_Entries provided_
★ ★ ★ ★

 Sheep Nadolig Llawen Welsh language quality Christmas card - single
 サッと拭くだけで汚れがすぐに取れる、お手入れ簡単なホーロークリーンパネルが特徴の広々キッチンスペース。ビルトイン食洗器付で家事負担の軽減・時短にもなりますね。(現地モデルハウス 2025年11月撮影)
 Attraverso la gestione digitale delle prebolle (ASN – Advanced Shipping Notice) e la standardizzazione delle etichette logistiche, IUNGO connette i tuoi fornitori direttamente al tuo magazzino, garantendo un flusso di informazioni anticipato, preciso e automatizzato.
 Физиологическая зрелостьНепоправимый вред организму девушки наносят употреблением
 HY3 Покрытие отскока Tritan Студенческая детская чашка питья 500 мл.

★ ★ ★ ★

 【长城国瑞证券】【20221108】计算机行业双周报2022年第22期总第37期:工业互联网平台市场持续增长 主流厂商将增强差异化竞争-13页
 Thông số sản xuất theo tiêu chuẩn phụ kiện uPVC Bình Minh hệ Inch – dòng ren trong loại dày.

★ ★ ★ ★

_Assigned task_
From the data above, return every line from the line that has "Attraverso la gestione" up to and including the line that has "HY3 Покрытие отскока", exactly.

_Response area_
 Attraverso la gestione digitale delle prebolle (ASN – Advanced Shipping Notice) e la standardizzazione delle etichette logistiche, IUNGO connette i tuoi fornitori direttamente al tuo magazzino, garantendo un flusso di informazioni anticipato, preciso e automatizzato.
 Физиологическая зрелостьНепоправимый вред организму девушки наносят употреблением
 HY3 Покрытие отскока Tritan Студенческая детская чашка питья 500 мл.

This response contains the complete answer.